You needn’t get too deep into the weeds of F-1 Trillion to sense that Post is shy about his place in country music in a way he never seemed to be in rap. Of the album’s 18 tracks, he handles three alone: a halfway-decent love song, a ballad for his daughter on her future wedding day, a synth-pop slow dance number (“What Don’t Belong To Me”) perhaps left off his last record and gussied up with pedal steel. The rest are duets with country’s luminaries, then and now.
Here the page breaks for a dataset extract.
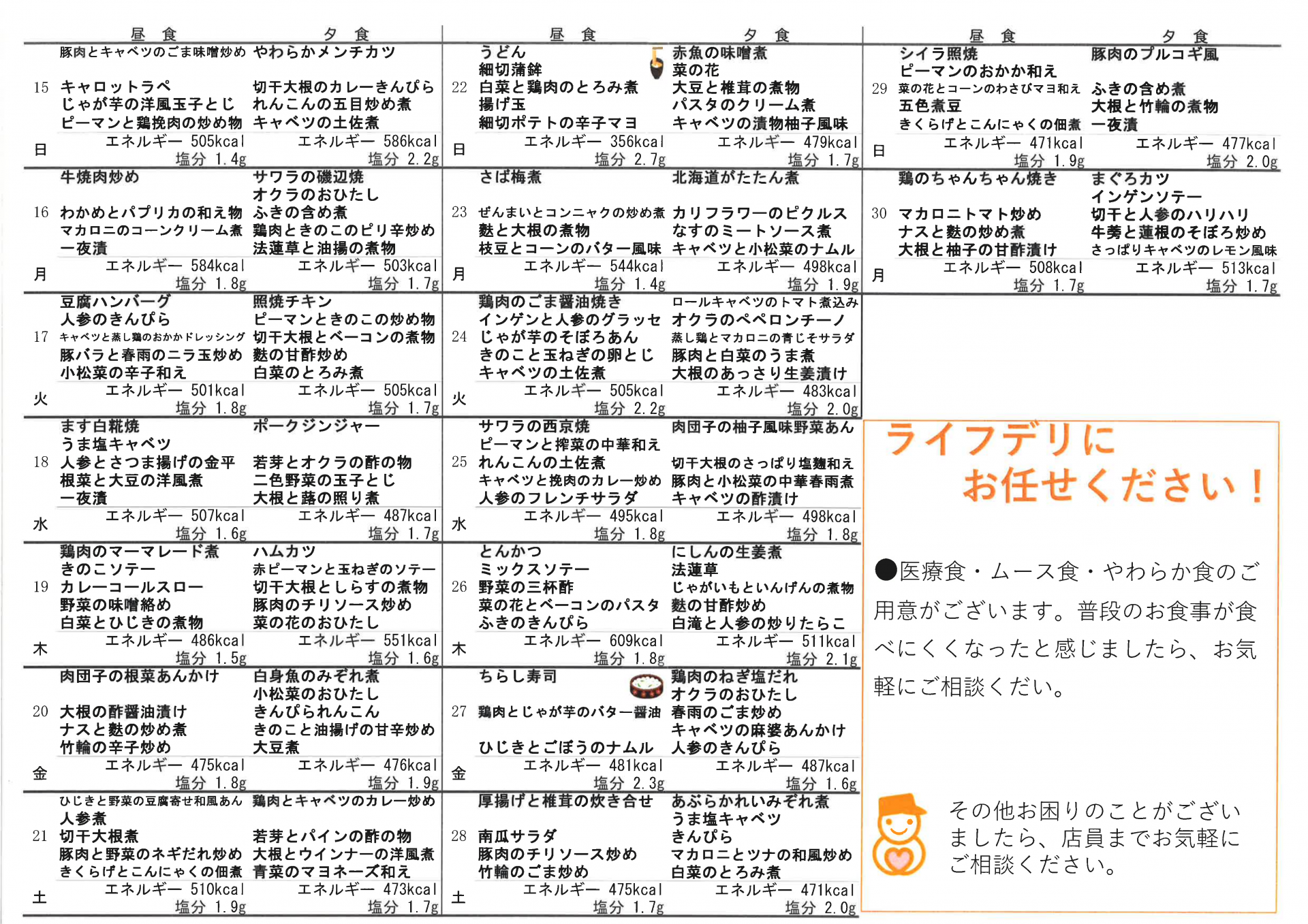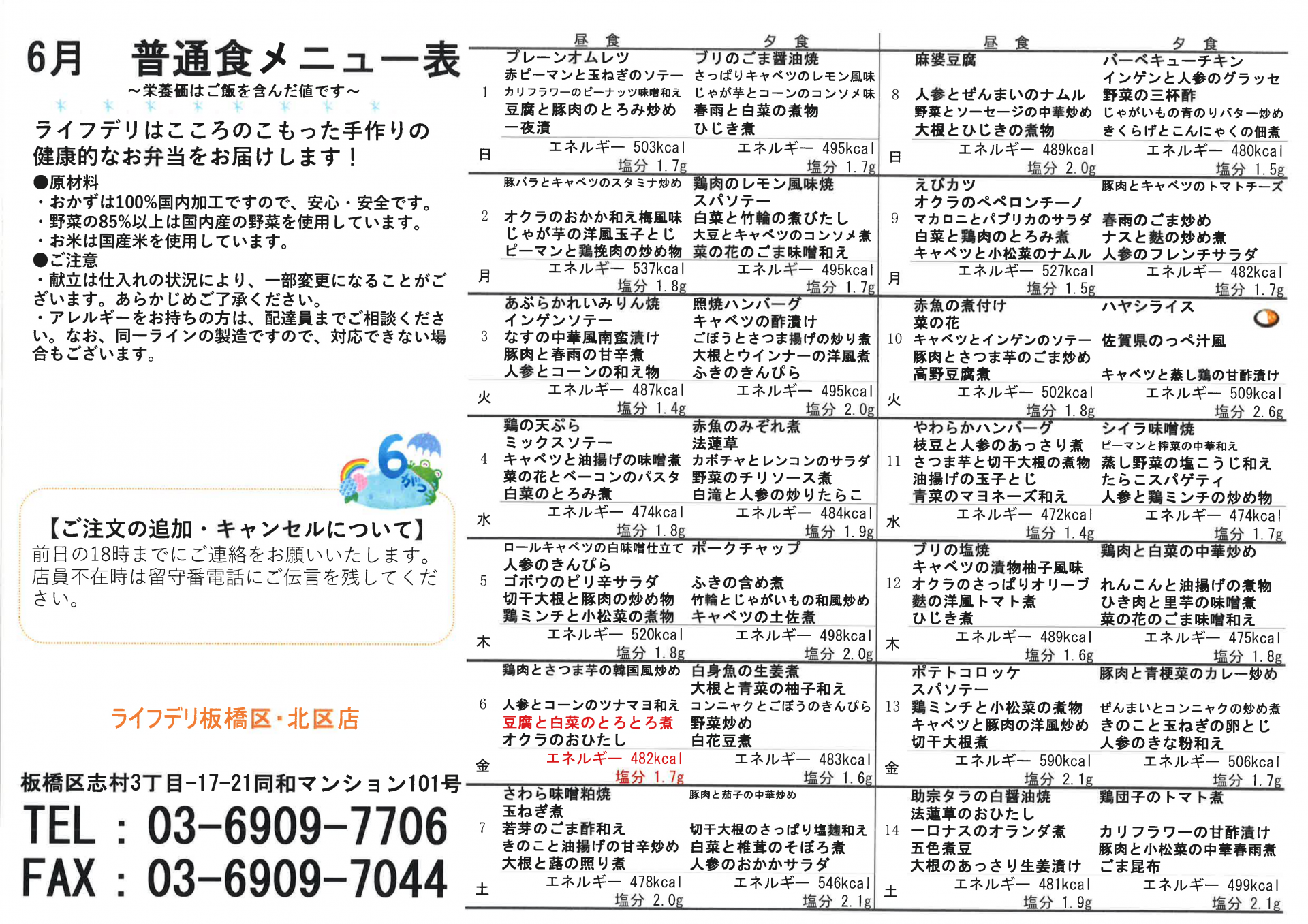 仲町在セン、6月の献立表を本日よりご利用者様へお配りしております!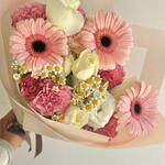 White rose - 4 pcs carnation pink - 8 pcs daisy - 2 pcs wrapping paper - 3 pcs gerbera pink - 3 pcs

Where Beyoncé got an interlude, Post wrangles a true Dolly Parton collab on “Have The Heart,” a Texas two-stepper on which the 78-year-old icon introduces her verse: “Wanna hear somethin’ sssexy?” On “Losers,” a stomp-clap anthem for the demimonde dwellers (“Last callers, last chancers, 9-to-5ers, truckers, dancers”), Post borrows some pathos from Jelly Roll, the Tennessee rapper turned folk balladeer whose success on the CMT circuit paved the way for guys with face tattoos to be embraced by a fanbase famous for its gatekeeping.

FAQs

Q: What is Post Malone’s shift in music style?

A: Post Malone has shifted to fun, low-stakes pop-country, which has been well-received by fans.

Q: Who are some of the collaborators on Post Malone’s album?

A: Post Malone has collaborated with artists such as Luke Combs, Dolly Parton, and Jelly Roll on his latest album.